Pre-sales proof
A deck a recruiter or account lead could forward in two minutes.
This is the pre-sales layer: what problem the workflow solves, what a customer would see in the demo, what guardrails matter, and how the prototype-to-production line is explained honestly.
This page shows the part of the role that sits between creative, technical, and commercial teams: how to explain the workflow in customer terms without flattening the technical reality.
Slide structure.
This is the forwardable version of the portfolio story: compact, customer-readable, and strong enough to support a real conversation.
The bottleneck
Creative teams do not need more novelty. They need control, review, evaluation, and rollout habits around the model.
The live surface
Show one product surface or prototype view and explain what the team should notice there.
The review loop
Frame quality in terms a creative lead and product team can both use: consistency, motion, instruction fit, and editability.
The pilot
Define the narrowest useful rollout: one workflow, one approval path, one success metric, and one risk boundary.

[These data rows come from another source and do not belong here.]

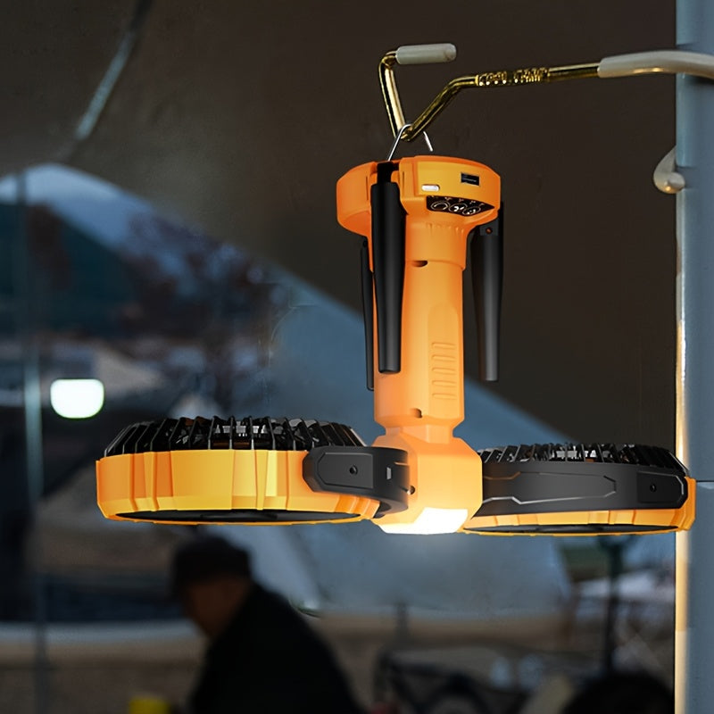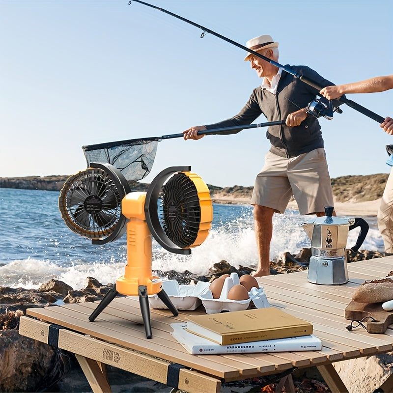 Experience powerful, adjustable cooling wherever you go with the  Dual-Head Rechargeable Desk Fan. Designed with a 270-degree oscillating function and four fan speeds, it delivers customizable airflow for both indoor and outdoor settings. Its dual-head design enhances air circulation while the built-in lithium battery provides long-lasting operation without needing constant recharging. Use it at your desk, on a camping trip, or during backyard gatherings.
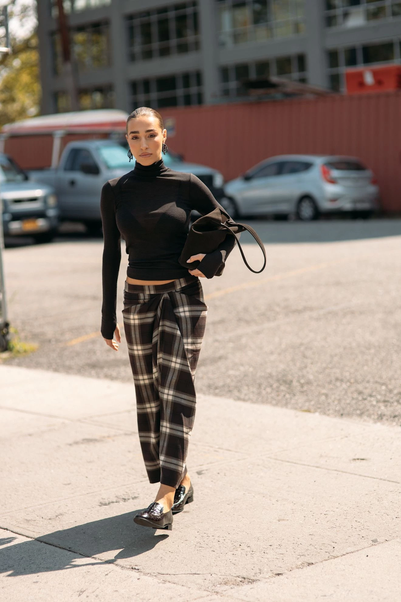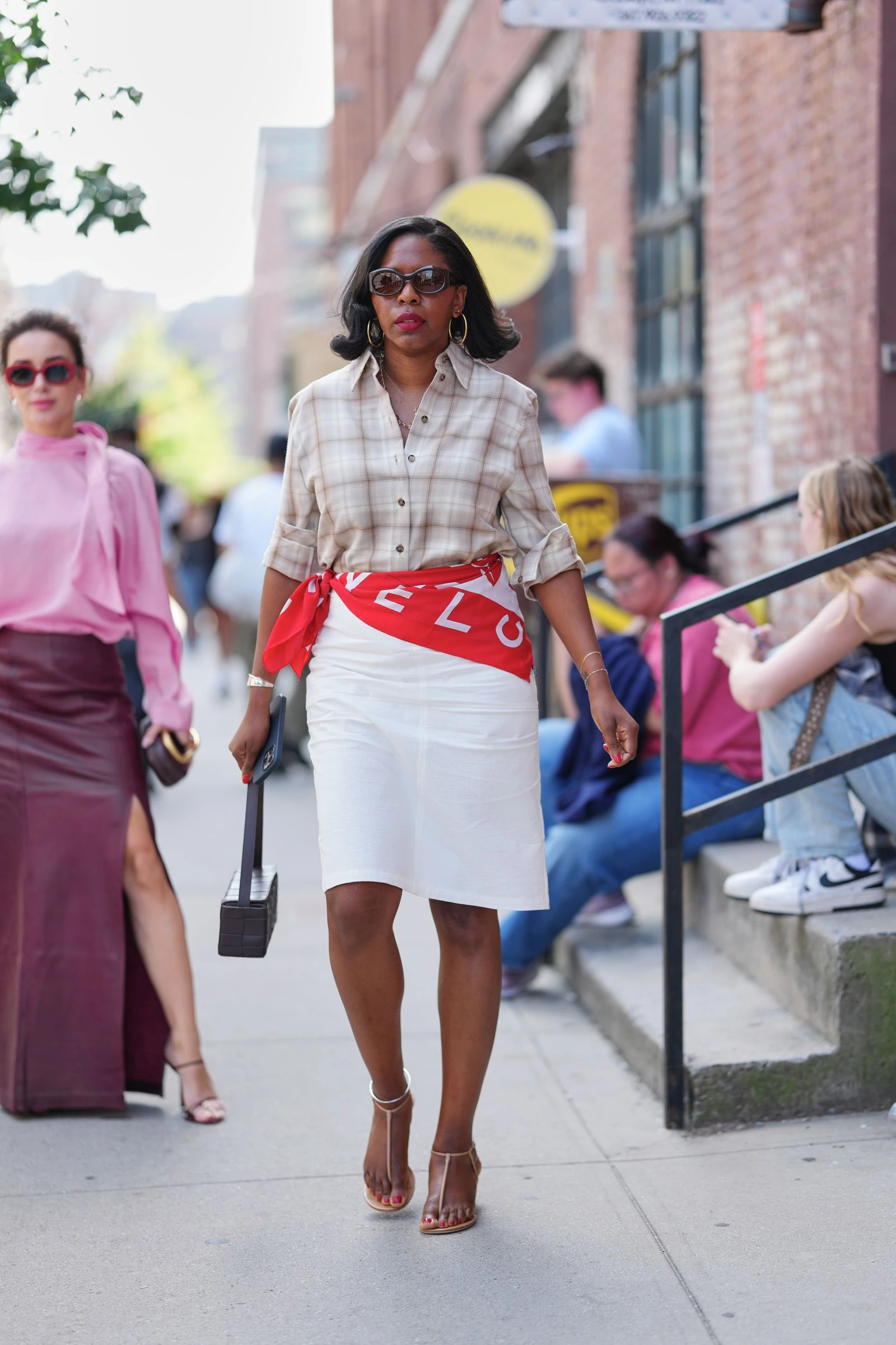 У стрітстайл-параді особливо вирізнялися речі в клітинку: згадану сорочку у бежевому та яскраво-блакитному відтінках бачили знову й знову. Її носили застібнутою й заправленою у спідницю-олівець, розстібнутою поверх костюма та зав’язаною на талії — швидкий стилістичний прийом, який протягом останніх тижнів траплявся постійно. Окремої згадки варта й картата драпірована спідниця довжини міді за €129. Стрітстайл-улюблениця Таму Макферсон подвоїла клітинку, поєднавши цю коричневу спідницю з яскраво-блакитною сорочкою на ґудзиках.
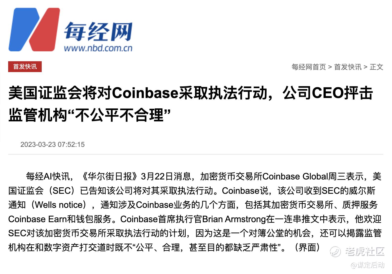 近期涨势凶猛的COINBASE被美国证监会当头一棒,说要被起诉。这让COINBASE一下子就抹去了一周的涨幅。
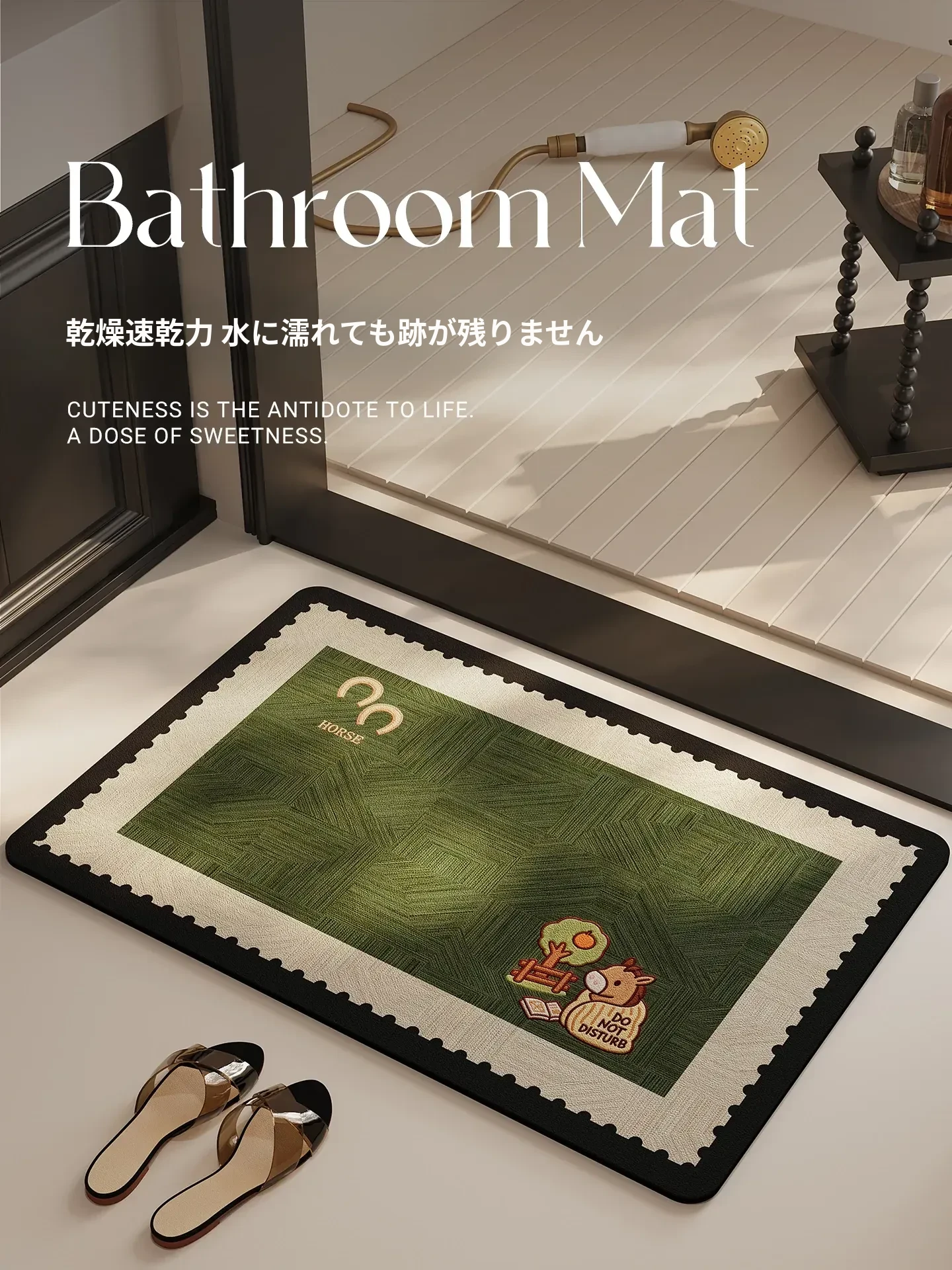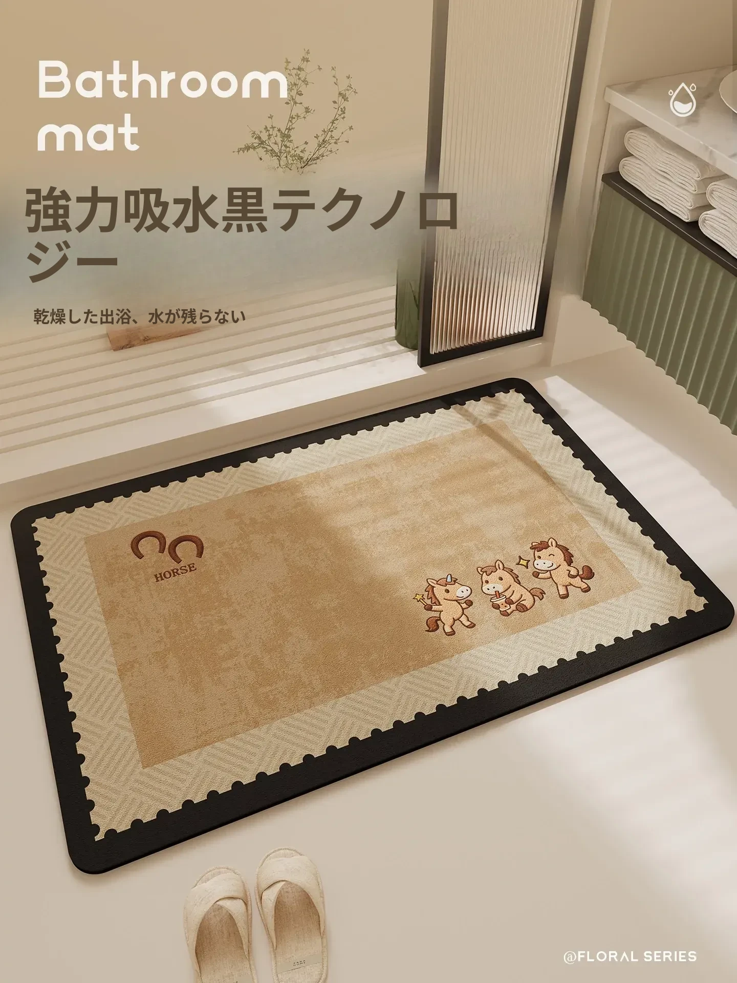 2026年新作!馬年デザインの防滑バスルームマット - トイレや洗面所に最適な吸水性抜群の衛生マット!おしゃれで安全、快適な空間を演出します。
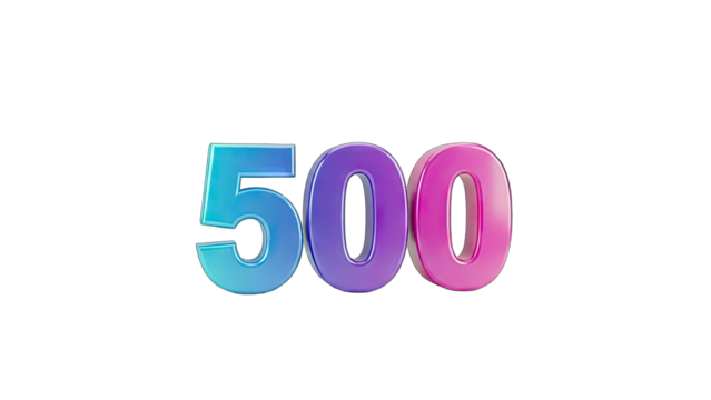 3D Glossy 3D Number 500 with Gradient Colors on transparent background
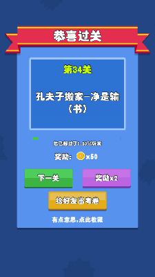 【观察细节】注意图片中的每一个元素,可能隐藏关键线索,比如颜色、形状或文字组合。 【拆解字形】遇到复杂成语时,尝试将汉字拆分成偏旁或部首,可能更容易联想到答案。 【联想谐音】部分关卡会利用谐音梗,听到或看到提示时,多思考发音相近的成语。 【利用道具】游戏内提供的提示道具很实用,初期可合理使用,避免卡关影响体验。 【积累词汇】平时多阅读成语故事或词典,扩大知识面,遇到生僻词时更易破解。 【分享求助】遇到难题时,可以截图分享给朋友,集思广益往往能快速找到答案。
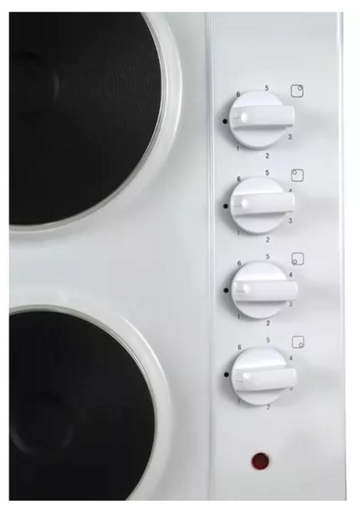 Complete your kitchen with the 60cm 4 Plate Electric Hob in White (EH160WH) from Statesman. Equipped with four solid and durable plates, this hob includes two smaller plates, each delivering 1kW of power, ideal for simmering and light cooking. The two larger plates offer high performance with 1.5kW and 2kW of power each, perfect for boiling and frying.

What a hiring manager should feel.
The goal is not to make the portfolio look more finished than it is. It is to make it obvious how you would speak in the room.
The story starts from the customer problem, not the repo.
Prototype boundaries are named cleanly instead of hidden behind hype.
The workflow is grounded in film and post-production judgment, not only systems language.
The close is about adoption, review, and rollout, which is the real enterprise conversation.
"A strong demo deck does not just explain the tool. It helps the customer imagine the workflow living inside their team."